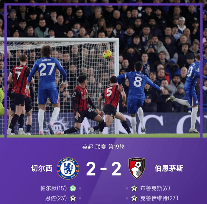 12月31日 25-26赛季英超第19轮,切尔西坐镇主场迎战伯恩茅斯。此役上半场178直播足球直播,布鲁克斯闪击破门,帕尔默罚点球扳平比分,恩佐抽射建功,克鲁伊维特门前捅射得分。易边再战,双方均未破门。全场比赛结束,切尔西2-2伯恩茅斯。
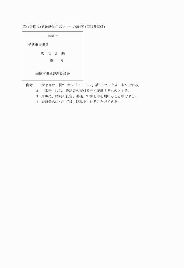 第57条 法第201条の9(都道府県知事又は市長の選挙における政治活動の規制)第1項第4号のポスター(以下「政治活動用ポスター」という。)につき、委員会は同法第201条の11(政治活動の態様)第4項の規定により証紙を交付するものとし、その様式は別記第44号様式による。
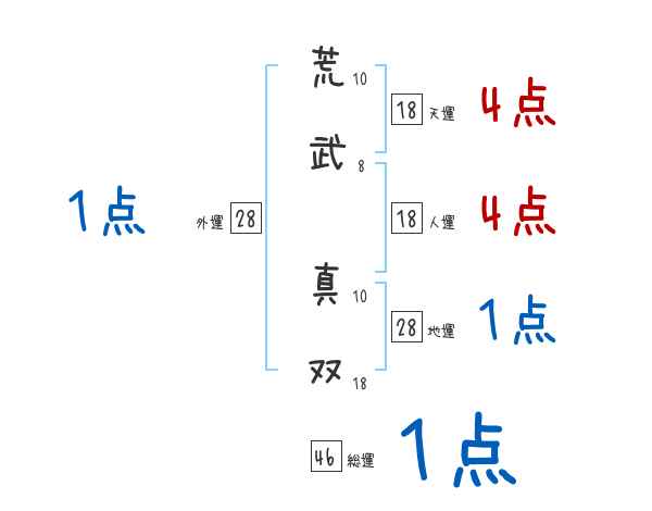 荒武真双さんの画数の鑑定結果
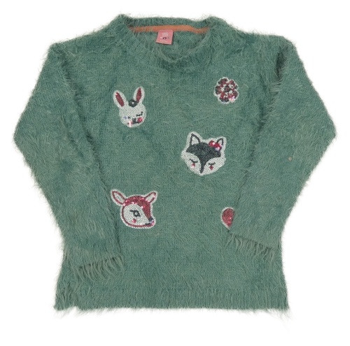 Zelený chlpatý sveter so zvířaty z flitrů Kiki&Koko

————

▶ REQUIRED WORK: What is needed is the whole listing again, exactly as written, with the images left out.

▶ ANSWER AREA:
 12月31日 25-26赛季英超第19轮,切尔西坐镇主场迎战伯恩茅斯。此役上半场178直播足球直播,布鲁克斯闪击破门,帕尔默罚点球扳平比分,恩佐抽射建功,克鲁伊维特门前捅射得分。易边再战,双方均未破门。全场比赛结束,切尔西2-2伯恩茅斯。
 第57条 法第201条の9(都道府県知事又は市長の選挙における政治活動の規制)第1項第4号のポスター(以下「政治活動用ポスター」という。)につき、委員会は同法第201条の11(政治活動の態様)第4項の規定により証紙を交付するものとし、その様式は別記第44号様式による。
 荒武真双さんの画数の鑑定結果
 Zelený chlpatý sveter so zvířaty z flitrů Kiki&Koko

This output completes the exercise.